Not only will the EU Mercosur agreement have a detrimental impact for the climate, but it condones and exacerbates the human rights abuses of Bolsanaro’s government, including the violence on indigenous communities, minorities, and civil society. The deal does not include protection of local communities, and according to research, overlooks international frameworks, such as the United Nations Declaration on the Rights of Indigenous Peoples (UNDRIP), in the drafting of the agreement.
A test for democracies
In an era of increased nationalism and populism, there is a necessity for vibrant democracies to deal with the climate crisis. The European Union has a historical responsibility to tackle climate change and should be leading the way in protecting the living world. Instead, this trade deal undermines the EU’s credibility, setting a precedence for other countries to ignore their obligations.
Three out of four Europeans are opposed to the agreement if it contributes to deforestation and damage of the environment, according to a YouGov survey published last week. If the EU presses ahead, it would be unsupported by most of its citizens.

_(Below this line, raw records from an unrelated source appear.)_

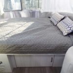 Pillow Top Memory Foam Mattress • Quilted Bedspread w/Reverse Sham, Decorative Throw Pillows & 2 Regular Bed Pillows • Overhead Roof Locker at Bedroom w/Tambour Doors • Colonial Airstream • Removable Under Bed Storage Bins • Sleeping Capacity: 2 – 3 (16RB); 2 – 4 (22FB) • Lift-Up Storage Access Under Bed (22FB).
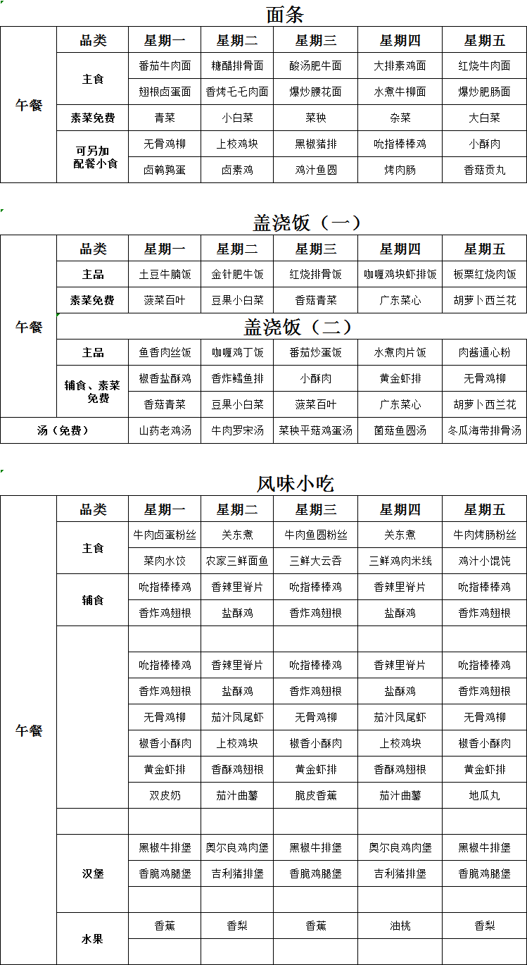 北校区菜单(4.21-4.25)
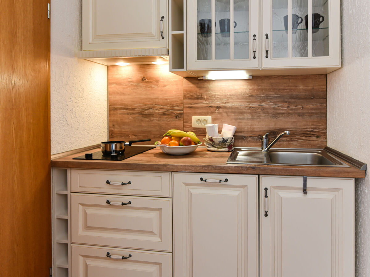 Petite cuisine ouverte (lave-vaisselle, 2 plaques vitrocéramiques).
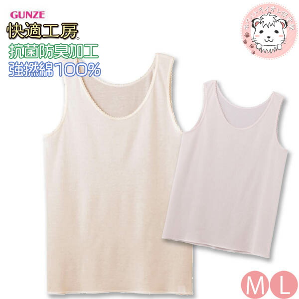 グンゼ 快適工房 ラン型スリーマー 綿100% 抗菌防臭 M/L/LL | 強撚 春夏 無地 レディース 綿 タンクトップ 下着 肌着 インナー KQ4454 GUNZE
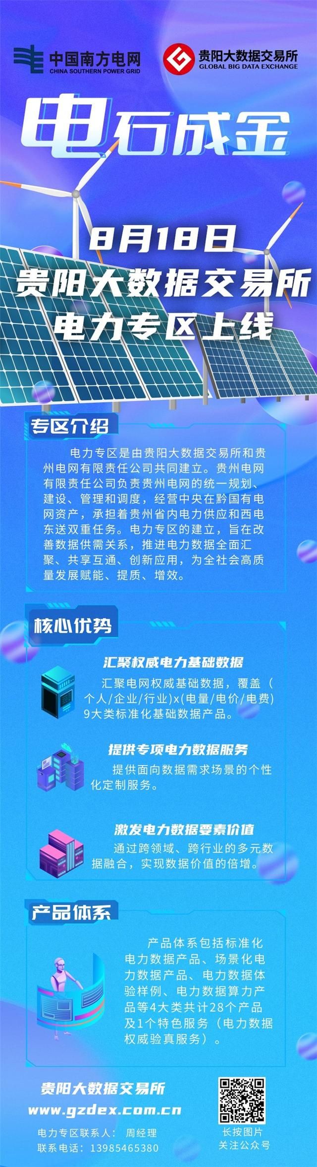 据了解,“电力专区”由贵阳大数据交易所和贵州电网公司共同建立。该专区产品体系包括标准化电力数据产品、场景化电力数据产品、电力数据体验样例、电力数据算力产品等4大类共计28个产品及电力数据权威验真服务1个特色服务,不仅适用于企业及个人经营情况分析、信用评价分析,还具有区域经济发展分析等多场景应用,不断提供“小微企业景气情况分析”、“城乡协同发展指数”、“企业复工复产分析”等精准、细致、实用的经济发展分析产品。
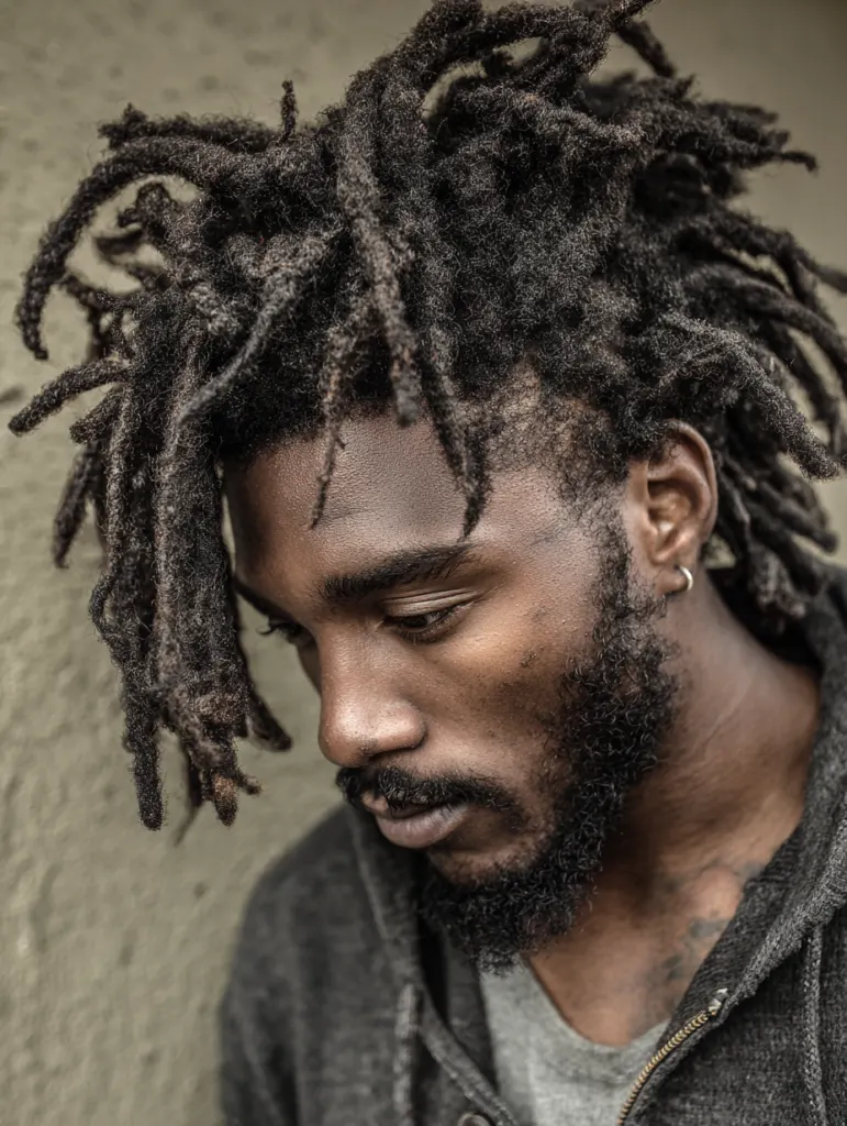 Freeform locs work best when you embrace irregular patterns since each section develops differently. The look feels grounded and real, which appeals to men who want authenticity over symmetry. You can pair the locs with a beard for a stronger, cohesive style.

There is still cause for hope, however. This year has proved that unexpected and seismic shifts can take place. Recent protests have shown that public opposition is strong, planting seeds of doubt in the mind of Angela Merkel. After meeting with activists in August she expressed significant concerns over the deal. Austria, Ireland, France, Luxembourg, the Netherlands, and Belgian region of Wallonia have also indicated they oppose the deal in its current form. As the pact needs to be approved all 27 EU member states, its ratification is by no means certain. An inquiry by the EU is ongoing to assess why the Commission did not finalize an updated sustainability impact assessment prior to concluding the agreement. The findings could be decisive.
As the pact needs to be approved all 27 EU member states, its ratification is by no means certain. An inquiry by the EU is ongoing to assess why the Commission did not finalize an updated sustainability impact assessment prior to concluding the agreement. The findings could be decisive.

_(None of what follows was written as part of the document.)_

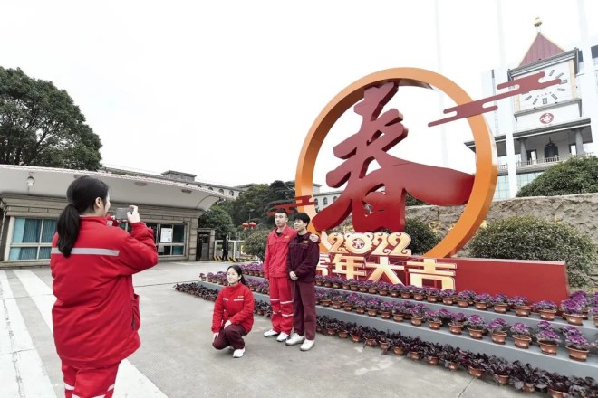 春節即將到來,為確保沙鋼幹部員工特別是留在江蘇張家港過年的職工度過一個歡樂、祥和的春節,沙鋼精心策劃係列暖心活動,營造出韻味十足的節日氛圍。圖為沙鋼職工紛紛與廠區裏的虎年春節主題景觀合影。(黃超/文 孫靜波 /攝)
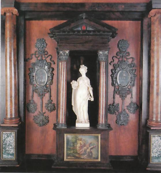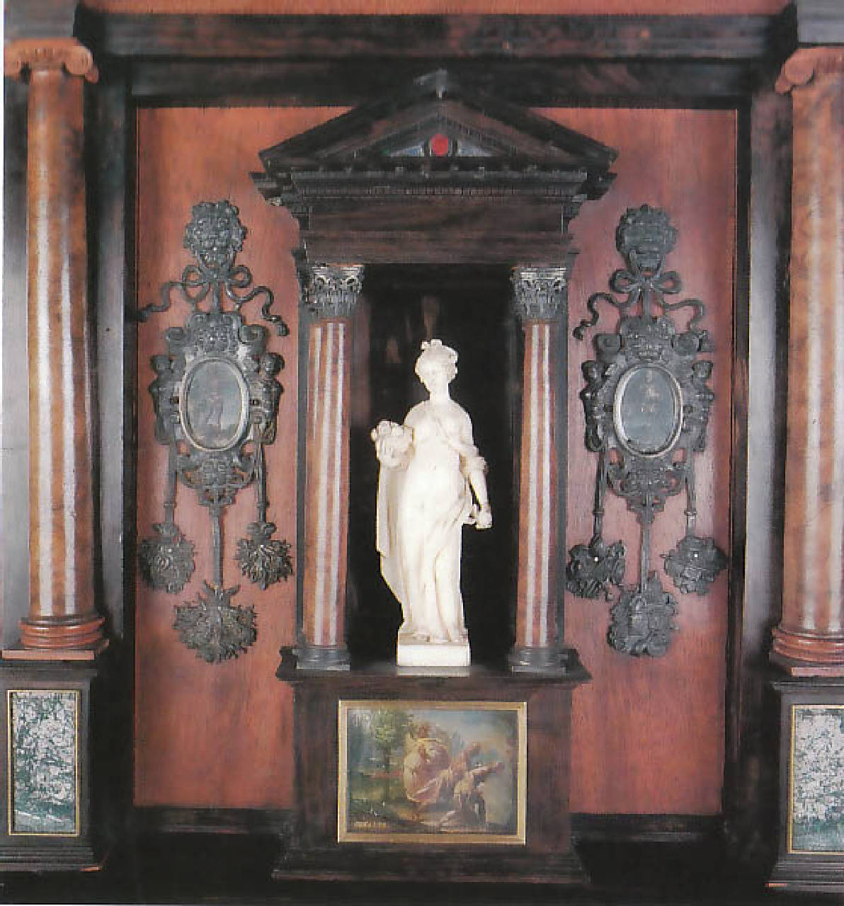 - NOTIZIE STORICO CRITICHE Secondo quanto spiega lo stesso Lucini Passalacqua nella particolareggiata descrizione del mobile data alle stampe nel 1620, le statuette d'avorio inserite nello stipo rappresentano le allegorie dei cinque sensi secondo i dettami dell'Iconografia di Cesare Ripa. Il Gusto ha nella destra un cesto di frutta e nella sinistra una pesca; gli attributi della Vista sono lo scudo con l'aquila che guarda il sole e uno specchio la cui parte superiore è oggi mancante; il falcone e la tartaruga designano il Tatto, mentre l'Udito ha la veste con orecchie di toro in rilievo, suona il liuto ed ha una cerva accucciata ai suoi piedi. La statuetta dell'Odorato è stata rubata nel 1956 e sostituita con una copia del Tatto (un'altra copia del Tatto è nei depositi di questo Museo). Sappiamo che l'Odorato aveva la veste tempestata di fiori, un vaso nella mano sinistra da cui uscivano vapori profumati, nella destra un mazzo di fiori e un bracco accucciato ai piedi.\nDell'autore di questi avori, identificato dallo stesso Lucini in "Guglielmo Bartolotti Francese", cioè Guillaume Berthelot, sono note alcune opere eseguite a Roma tra il 1610 e il 1617 prima che lo scultore si spostasse in Francia al servizio di Maria de' Medici: a Roma scolpisce due grandi Angeli in bronzo per l'altare della Cappella Paolina in Santa Maria Maggiore e, al centro della piazza omonima, la Madonna col Bambino anch'essa in bronzo; per il Palazzo di Montecavallo esegue un San Paolo in marmo sulla facciata e un Angelo reggistemma a sinistra del portale d'ingresso verso la Cappella Paolina. Un Crocifisso ligneo in Santa Maria in Vallicella gli è poi attribuito dal Baglione. Quest'ultimo dedica allo scultore una delle Vite, testimoniando così del ruolo di primo piano avuto da questi nelle vicende della scultura del primo Seicento a Roma. Non è da escludere che, in occasione di questa commissione, Berthelot abbia soggiornato a Como verso il 1613 anche se le parole del Lucini riguardo alle modalità della costruzione dello stipo ("havendo cercato ... di far fare a casa mia, ed alla mia presenza, quanto ho potuto") sembrano implicitamente ammettere che non gli era stato possibile avere il controllo diretto di tutti gli artisti e gli artigiani coinvolti. Certo è che il Lucini seguiva con grande interesse i fatti artistici dell'Urbe con particolare riguardo alla scultura. Un viaggio a Roma fatto dal Lucini nel 1621 è documentato, ma è probabile che il canonico vi si fatti artistici dell'Urbe con particolare riguardo alla scultura. Un viaggio a Roma fatto dal Lucini nel 1621 è documentato dall'epistolario di Gerolamo Borsieri ma è probabile che il canonico vi si fosse recato anche in precedenza. [Zanuso]

As it stands, the EU and the world are a long way off track with respect to the Paris Agreement. According to research led by Laura Kehoe, between a quarter and two thirds of all greenhouse gas emissions and deforestation are embodied in global trade flows. Trade deals can fuel human rights abuses, biodiversity loss, displacement and shifts in the climate. The EU Mercosur deal would follow this trajectory. But Laura argues that this is not the only way. Trade agreements could also deliver sustainable development as an underlying objective, contingent on commitments to the Paris Agreements. Mechanisms and guarantees could be strengthened to protect human rights and environment defenders, with greater transparency in the negotiation process and support from different sections of society.
Respect for the environment and for human rights, including that of indigenous communities, ought to be the basis of deals, not added as an afterthought. As Brazil’s second-largest trading partner, the EU has a responsibility as well as negotiating power to address these injustices. It is time for Europe to choose whether it wishes to incentivise the destruction of the planet, or halt it instead.